● Data:
────────────────

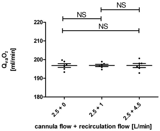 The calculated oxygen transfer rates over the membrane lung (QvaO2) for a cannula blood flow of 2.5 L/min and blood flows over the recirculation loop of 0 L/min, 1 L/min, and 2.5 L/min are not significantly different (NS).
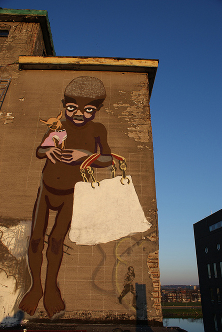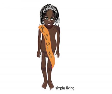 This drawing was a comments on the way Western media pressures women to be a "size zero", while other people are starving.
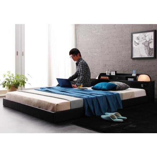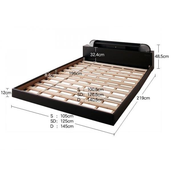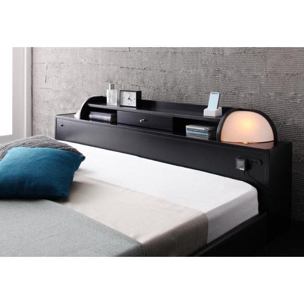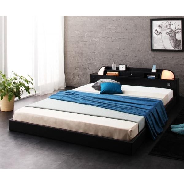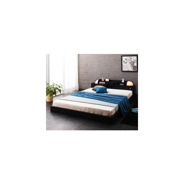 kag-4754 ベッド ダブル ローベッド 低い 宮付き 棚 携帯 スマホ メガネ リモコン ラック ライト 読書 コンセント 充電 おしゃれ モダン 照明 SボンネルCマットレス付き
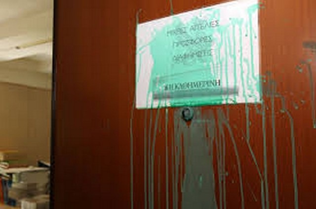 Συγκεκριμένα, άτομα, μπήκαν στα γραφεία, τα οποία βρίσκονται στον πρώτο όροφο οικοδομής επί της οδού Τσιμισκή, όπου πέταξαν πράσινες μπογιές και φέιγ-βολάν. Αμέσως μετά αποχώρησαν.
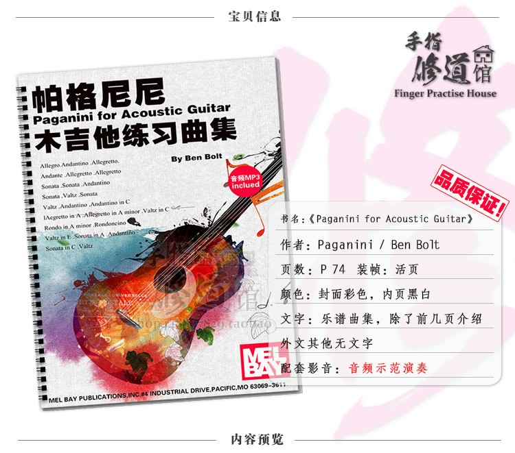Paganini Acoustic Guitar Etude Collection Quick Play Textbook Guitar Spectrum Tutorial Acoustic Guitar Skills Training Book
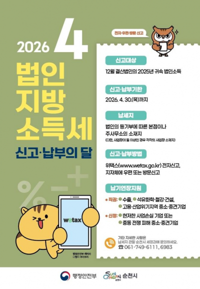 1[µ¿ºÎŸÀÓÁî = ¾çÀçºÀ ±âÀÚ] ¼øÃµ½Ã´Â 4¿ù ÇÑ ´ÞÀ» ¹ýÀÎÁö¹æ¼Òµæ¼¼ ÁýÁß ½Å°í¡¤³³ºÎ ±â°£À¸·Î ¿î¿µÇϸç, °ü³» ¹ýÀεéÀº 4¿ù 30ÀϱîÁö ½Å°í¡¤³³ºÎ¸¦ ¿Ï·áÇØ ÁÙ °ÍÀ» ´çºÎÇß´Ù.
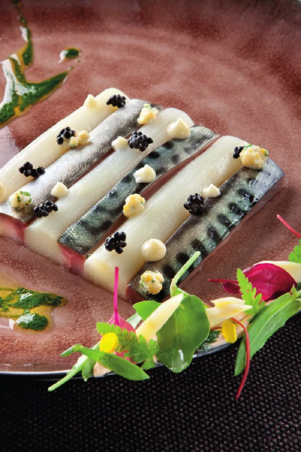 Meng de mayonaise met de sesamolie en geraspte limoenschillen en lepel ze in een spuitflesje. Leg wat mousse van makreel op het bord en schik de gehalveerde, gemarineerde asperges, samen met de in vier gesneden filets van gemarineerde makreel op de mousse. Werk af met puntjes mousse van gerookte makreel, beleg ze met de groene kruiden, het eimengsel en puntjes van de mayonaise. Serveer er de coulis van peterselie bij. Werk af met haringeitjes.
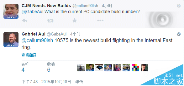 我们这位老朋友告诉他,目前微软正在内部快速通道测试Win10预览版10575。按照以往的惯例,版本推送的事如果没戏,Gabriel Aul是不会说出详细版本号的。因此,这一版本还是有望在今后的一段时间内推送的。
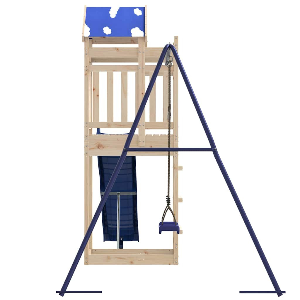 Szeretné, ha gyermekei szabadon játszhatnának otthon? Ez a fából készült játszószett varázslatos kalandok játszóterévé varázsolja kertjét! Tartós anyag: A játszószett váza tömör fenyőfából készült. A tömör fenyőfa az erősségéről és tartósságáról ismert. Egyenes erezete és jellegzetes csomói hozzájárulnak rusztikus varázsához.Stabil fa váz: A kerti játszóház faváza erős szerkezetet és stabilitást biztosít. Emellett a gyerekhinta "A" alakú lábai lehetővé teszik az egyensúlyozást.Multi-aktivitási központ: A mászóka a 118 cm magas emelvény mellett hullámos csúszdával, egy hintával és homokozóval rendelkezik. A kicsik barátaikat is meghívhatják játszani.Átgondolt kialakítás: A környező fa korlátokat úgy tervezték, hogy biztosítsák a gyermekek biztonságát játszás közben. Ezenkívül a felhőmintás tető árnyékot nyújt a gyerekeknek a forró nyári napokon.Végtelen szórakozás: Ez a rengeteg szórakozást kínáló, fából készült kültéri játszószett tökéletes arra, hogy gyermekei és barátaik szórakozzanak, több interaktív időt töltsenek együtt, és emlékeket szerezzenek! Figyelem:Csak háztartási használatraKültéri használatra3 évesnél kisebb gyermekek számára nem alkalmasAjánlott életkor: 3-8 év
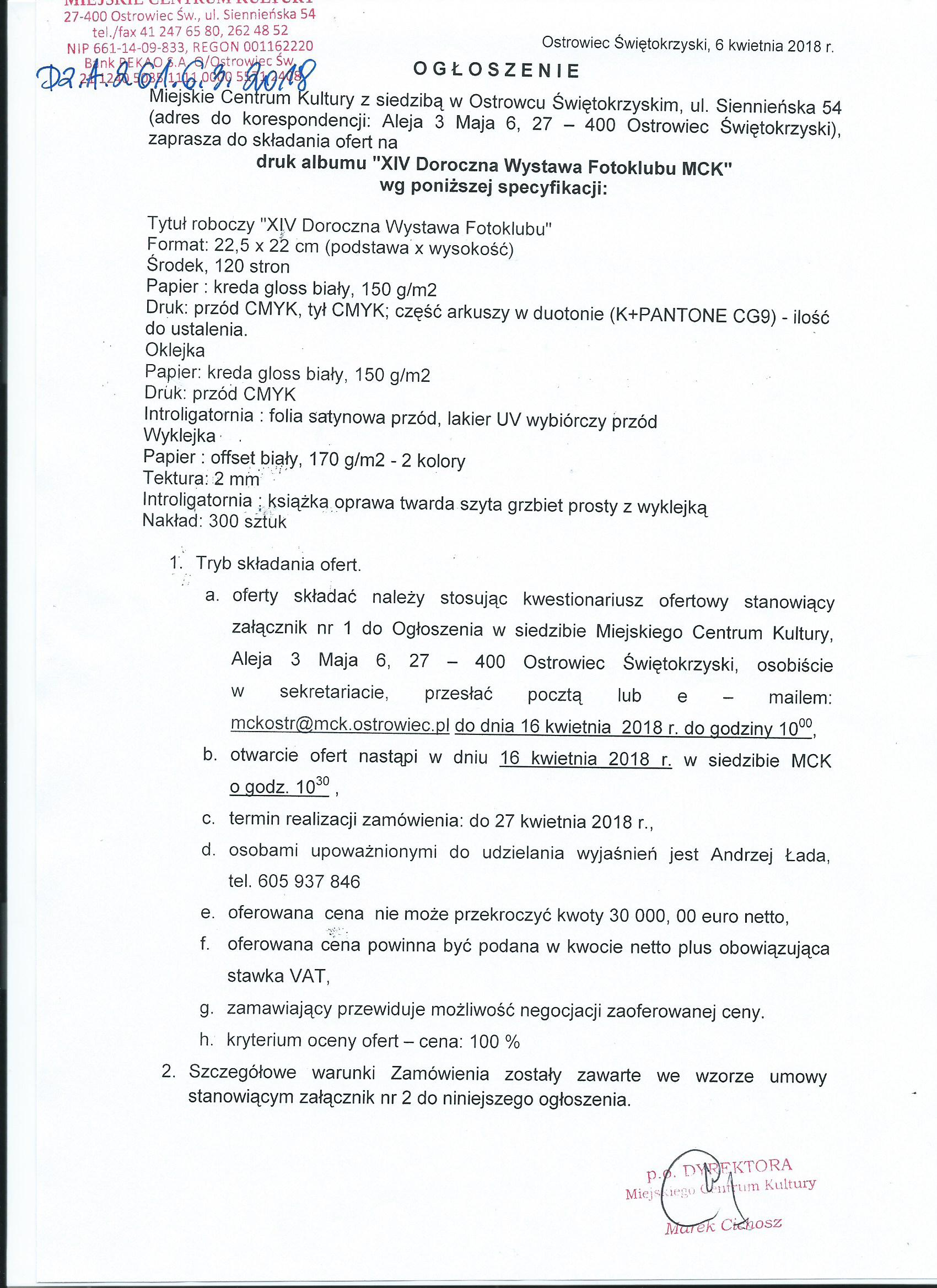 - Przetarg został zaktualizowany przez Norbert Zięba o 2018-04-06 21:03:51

────────────────

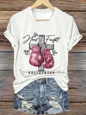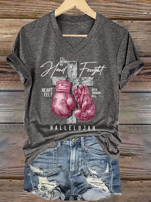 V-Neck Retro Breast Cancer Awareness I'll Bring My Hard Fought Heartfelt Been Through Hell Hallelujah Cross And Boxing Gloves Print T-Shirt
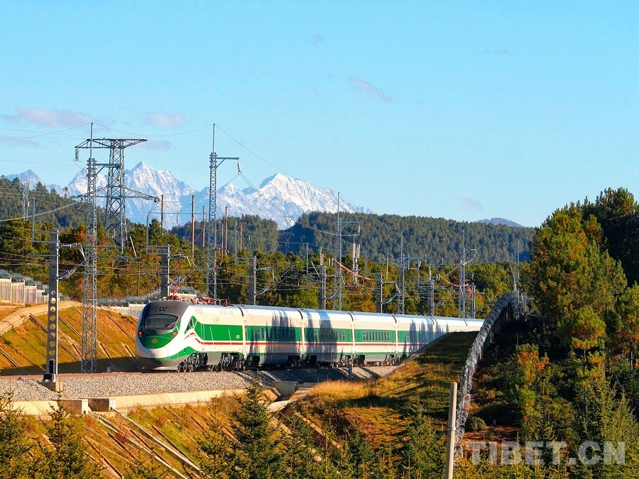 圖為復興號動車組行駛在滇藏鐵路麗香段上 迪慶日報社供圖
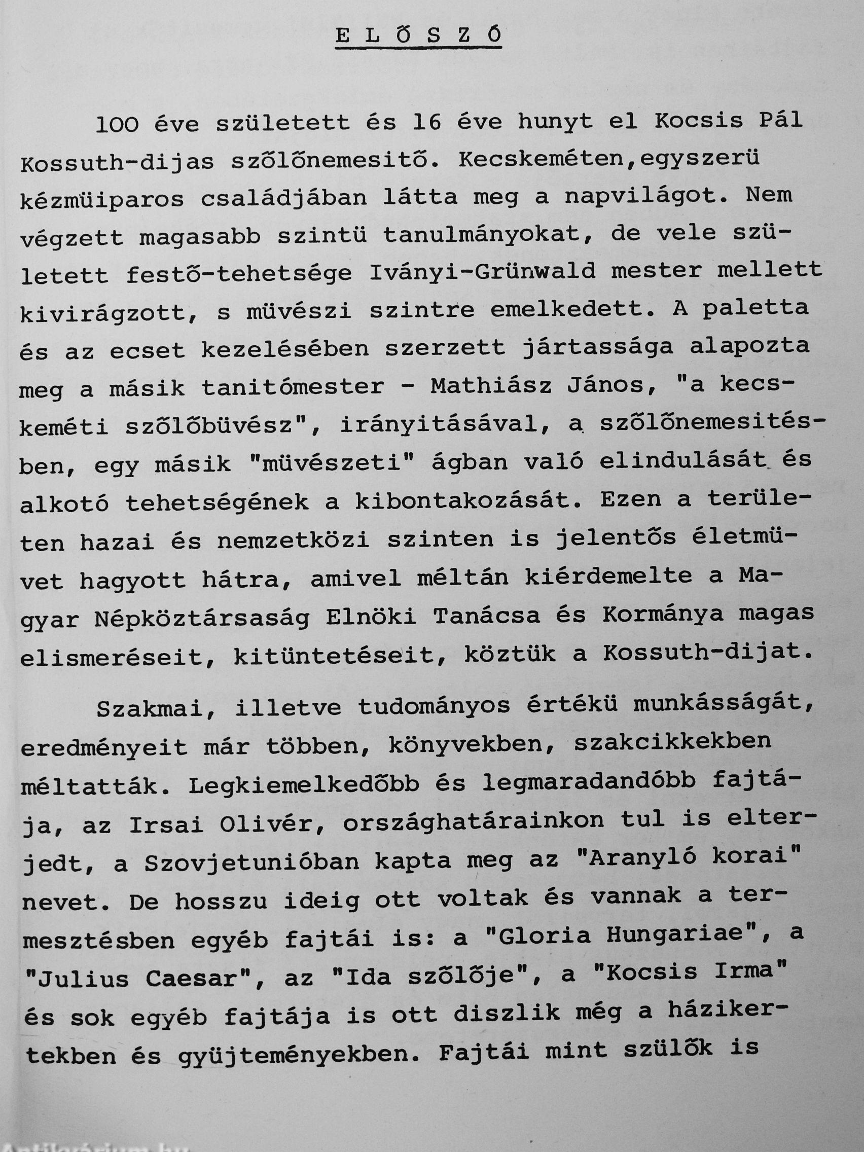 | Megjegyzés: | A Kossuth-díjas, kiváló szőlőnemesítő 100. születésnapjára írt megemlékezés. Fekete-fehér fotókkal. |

────────────────

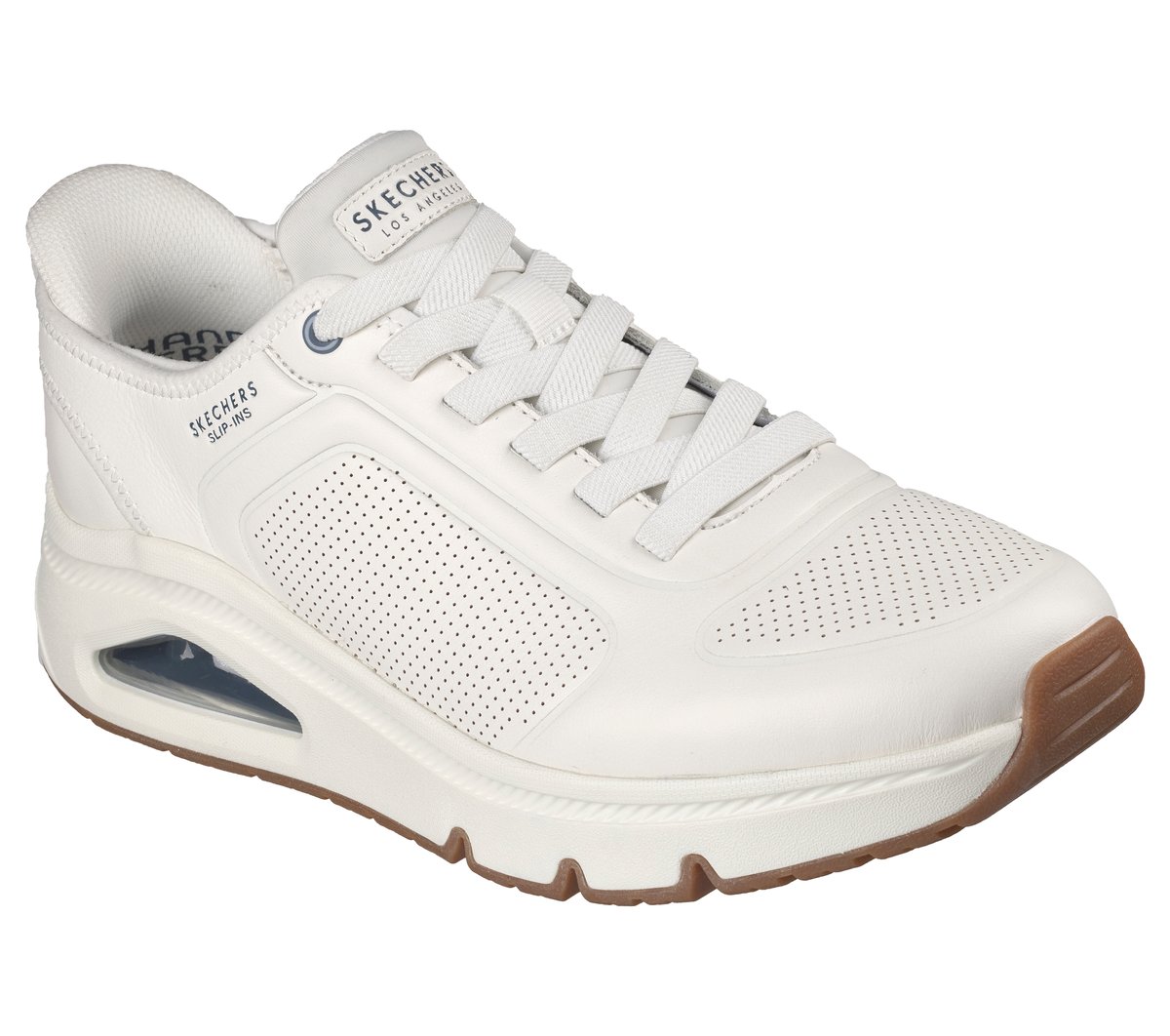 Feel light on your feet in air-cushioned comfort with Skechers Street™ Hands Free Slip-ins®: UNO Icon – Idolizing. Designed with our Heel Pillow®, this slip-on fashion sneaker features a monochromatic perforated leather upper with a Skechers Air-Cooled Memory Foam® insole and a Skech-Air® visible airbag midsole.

────────────────

● What is expected:
Looking above, find the stretch of lines that opens with the one holding "圖為復興號動車組行駛在滇藏鐵路麗香段上 迪慶日報社供圖" and closes with the one holding "Fekete-fehér fotókkal. |". Copy it exactly, pictures excluded.

● Problem solution:
 圖為復興號動車組行駛在滇藏鐵路麗香段上 迪慶日報社供圖
 | Megjegyzés: | A Kossuth-díjas, kiváló szőlőnemesítő 100. születésnapjára írt megemlékezés. Fekete-fehér fotókkal. |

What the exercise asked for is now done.